S2, placing the fine-particle metal zirconium in a 50-20-10 mm size die, pressing under the pressure of 60MPa for 2min, and pressing into an electrode block. The pressed electrode blocks are arranged in a zirconium material feeding box and are loaded into an electron beam cold bed furnace, and the electron beam cold bed furnace is vacuumized to be less than or equal to 3.0 x 10 -3 And Pa, melting the electrode block into a zirconium ingot through raw material melting, refining, solidifying and cooling to obtain 340.7kg of zirconium ingot. The current of a melting zone is controlled to be 8-10A in the melting process, and the power is 220-300kw. The current of the refining zone is controlled at 2-3A, and the power is 40-80kw; controlling the current of the solidification region to be 3-5A, and controlling the power to be 80-150kw; the cooling time was 2h.
S3, melting the zirconiumIngot scraps are pressed into zirconium cakes with the diameter less than or equal to 50mm, the zirconium cakes are filled into a reactor of an iodization furnace, the reactor is placed in a salt bath furnace, the reactor is vacuumized, and the vacuum degree is less than or equal to 6.0 x 10 -3 Pa, controlling the temperature of a salt bath furnace at 240-300 ℃, controlling the temperature of a mother wire in a reactor at 1370 ℃, adding iodine for iodination and purification, crystallizing zirconium on the mother wire, taking out the reactor after the reaction is finished, cooling, and taking out the crystallized zirconium to obtain 326.9kg of high-purity metal zirconium, wherein the purity of the product reaches 99.95%.
The yield of the high-purity zirconium is 88.3 percent by calcium thermal reduction, electron beam cold bed smelting and iodination purification.
Example 2
S1, weighing zirconia, metallic calcium and anhydrous calcium chloride according to a weight ratio of 1.79. Firstly, putting a part of anhydrous calcium chloride into a crucible, then uniformly mixing zirconium oxide and metal calcium, putting the mixture into the crucible, and finally adding the rest anhydrous calcium chloride. Vacuumizing to less than or equal to 10Pa, and introducing argon to wash the furnace for 3 times. And (3) carrying out reduction under the protection of argon at the flow rate of 6L/min, wherein the reduction temperature is 1254K, and the reduction time is 30h. The reduced product is washed in 3% dilute hydrochloric acid, and then is kept stand, and the precipitate is washed with water and filtered for 3 times, and is dried in vacuum at 130 ℃ to obtain 364.3kg of granular metal zirconium. The oxygen content of the fine-grained metal zirconium was determined to be about 1.8% by ONH analyzer and the calcium content was determined to be 0.25% by ICP-OES.

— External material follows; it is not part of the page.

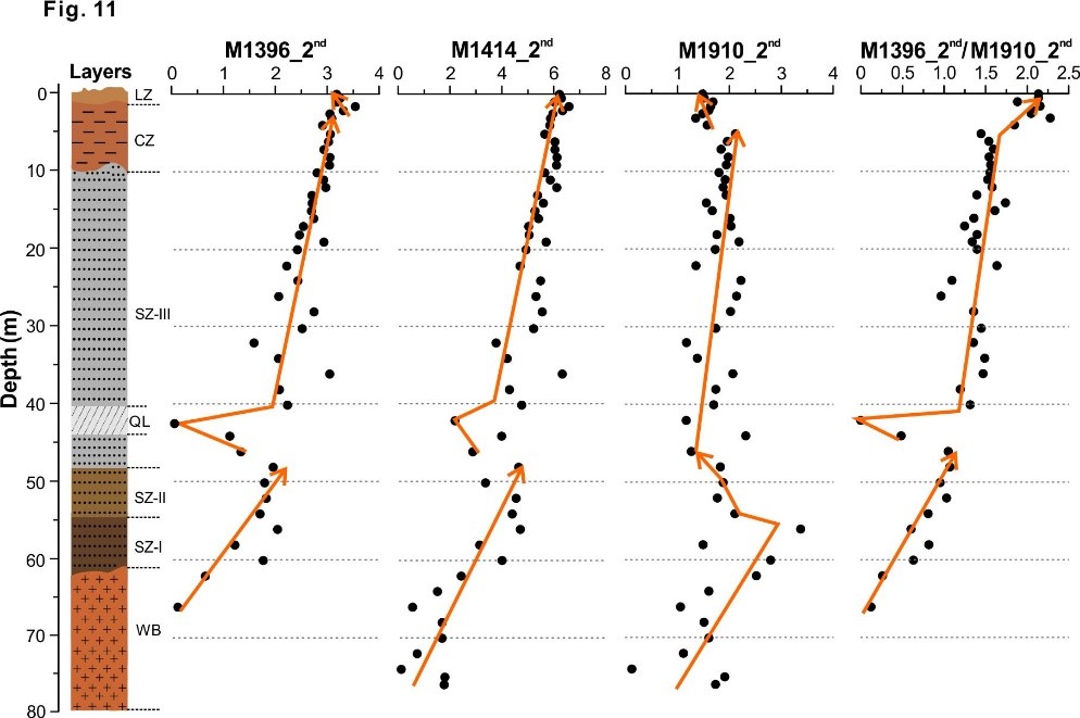 圖2 仁居稀土礦床剖面中指示粘土礦物中種類和含量的光譜參數

S2, carrying out static pressing on the fine particle metal zirconium to form an electrode block with the size of 1000 × 120 × 150mm, the pressure of 100MPa and the time of 2min. Arranging the pressed electrode blocks in a zirconium material feeding box, arranging the pressed electrode blocks in the zirconium material feeding box, and filling the zirconium material feeding box into an electron beam cold bed furnace, wherein the electron beam cold bed furnace is vacuumized to be less than or equal to 3.0 x 10 -3 And Pa, melting the electrode block into a zirconium ingot through raw material melting, refining, solidifying and cooling to obtain 335.7kg of zirconium ingot. The current of the melting zone is controlled to be 8-10A in the melting process, and the power is 220-300kw. Controlling the current of the refining zone at 2-3A and the power at 40-80kw; controlling the current of the solidification region to be 3-5A, and controlling the power to be 80-150kw; the cooling time was 4h.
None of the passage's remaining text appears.